We, [Your Company Name], declare under our sole responsibility that the above-mentioned product(s) is/are in conformity with the essential requirements of the following European Directives:
  • Machinery Directive (2006/42/EC)
  • Electromagnetic Compatibility (EMC) Directive (2014/30/EU)
  • Low Voltage Directive (2014/35/EU)
  • RoHS Directive (2011/65/EU)
The following harmonized standards and technical specifications have been applied:
  • EN 60335-1: Household and similar electrical appliances - Safety - Part 1: General requirements
  • EN 60335-2-41: Particular requirements for pumps
  • EN 55014-1: Electromagnetic compatibility - Requirements for household appliances, electric tools and similar apparatus - Part 1: Emission
  • EN 55014-2: Electromagnetic compatibility - Requirements for household appliances, electric tools and similar apparatus - Part 2: Immunity
  • EN 61000-3-2: Electromagnetic compatibility (EMC) - Part 3-2: Limits - Limits for harmonic current emissions (equipment input current ≤ 16 A per phase)
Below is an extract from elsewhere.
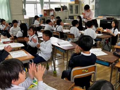2年生の音楽の授業。「手拍子リレーであそぼう」
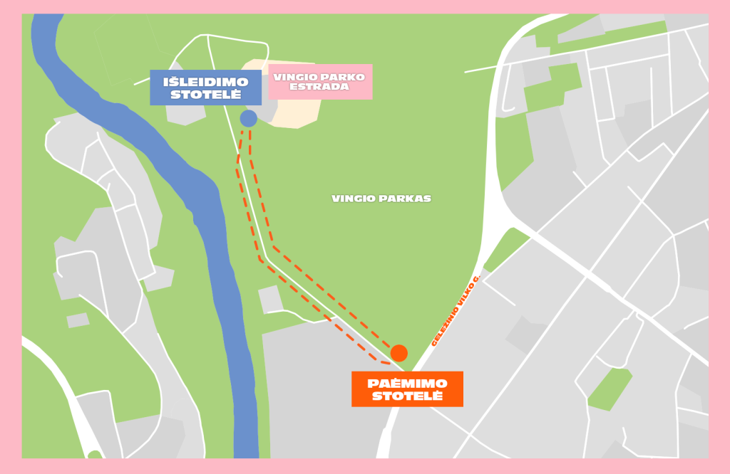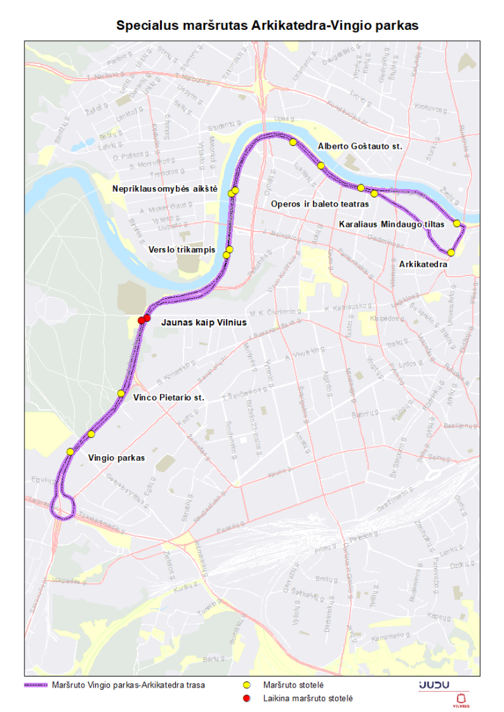 Specialus maršrutas nuo Arkikatedros ir elektrinio autobuso maršrutas Vingio parke

  • EN 61000-3-3: Electromagnetic compatibility (EMC) - Part 3-3: Limits - Limitation of voltage changes, voltage fluctuations, and flicker in public low-voltage supply systems, for equipment with rated current ≤ 16 A per phase and not subject to conditional connection
Additional Standards Applied (if applicable):
  • EN 62233: Measurement methods for electromagnetic fields of household appliances and similar apparatus with regard to human exposure
Notified Body (if applicable):
Name: [Notified Body Name]
Address: [Notified Body Address]
Notified Body Number: [Notified Body Number]
Authorized Signatory:
Name: [Authorized Person’s Name]
Title: [Authorized Person’s Title]
Place of Issue: [City, Country]
Date of Issue: [Date]
Signature:
[Authorized Person’s Signature]

Please fill in the placeholders with the appropriate information related to your company and product.